[[ Records to process, beginning ]]

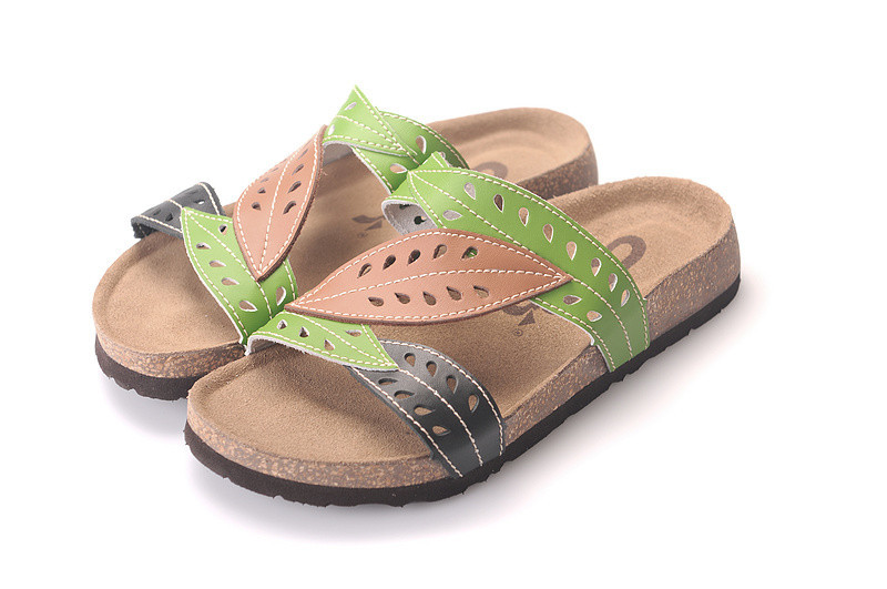 2014 spring & summer Unisex Arizona Soft Footbed Sandal Birkenstock genuine leather leaf patchwork Cork Sandal Women
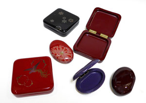 薬入 隅丸角 瑞鳥(朱) 9,0×9,0×高2,5cm 薬入 小判無地(紫)、(茶) 5,0×8,0×高2,2cm
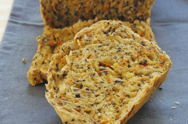 In a bowl, add carrots, orange juice, warm water and yeast and let it sit for 5 minutes. To it add olive oil, both flours and salt. Knead it into a tight dough. Cover and let it sit for 10 mins.
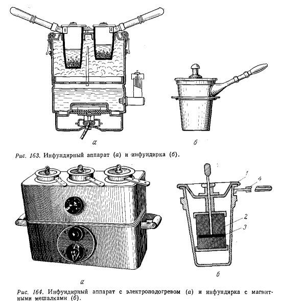 В аптечных условиях приготовление водных вытяжек производят в специальных инфундирных аппаратах. Эти аппараты устроены в виде водяных бань с электрическим или другим подогревом и бывают различной конструкции. Они имеют специальной формы сосуды (инфундирки), в которых происходит извлечение экстрагентов растительного материала. Выпускаются инфундирки различной емкости и из различного материала. Скорость нагревания жидкости в инфундирке зависит от материала из которого она изготовлена. Например, фарфоровые инфундирки менее теплопроводны, чем металлические, и поэтому экстрагент в них нагревается медленнее. При использовании фарфоровой инфундирки ее необходимо, еще до внесения растительного сырья, подогреть в течение 15 минут на кипящей водяной бане.
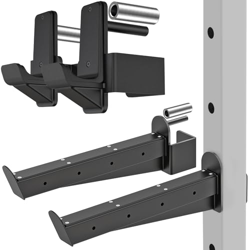 Kipika J-krokar och säkerhetsfläckarmar för 3 tum x 3 tum kraftställ med 5/8 tum eller 1 tum hål – kraftiga skivstångshållare och spärrar med gummikuddar – kraftställ för knäböj, bänkpress och mer
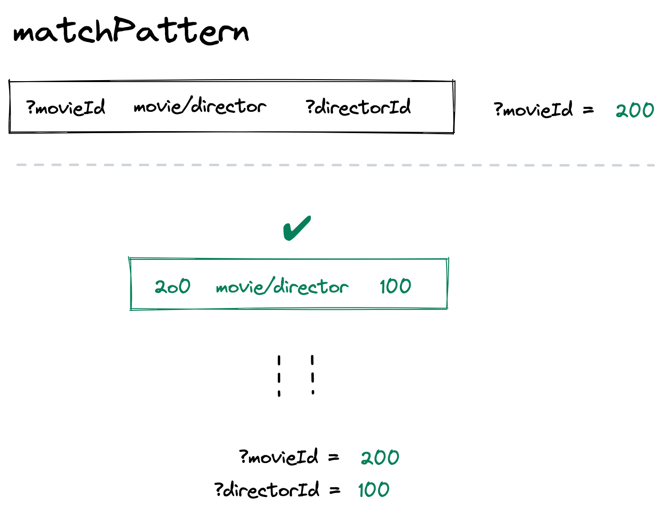 We bind ?movieId to 200. Now we start searching for the second pattern:

[[ Records to process, end ]]

Problem
Reproduce exactly the lines of the entries above from the first through the line with "In a bowl, add", both included; pictures should not be reproduced.

Answer
 2014 spring & summer Unisex Arizona Soft Footbed Sandal Birkenstock genuine leather leaf patchwork Cork Sandal Women
 薬入 隅丸角 瑞鳥(朱) 9,0×9,0×高2,5cm 薬入 小判無地(紫)、(茶) 5,0×8,0×高2,2cm
 In a bowl, add carrots, orange juice, warm water and yeast and let it sit for 5 minutes. To it add olive oil, both flours and salt. Knead it into a tight dough. Cover and let it sit for 10 mins.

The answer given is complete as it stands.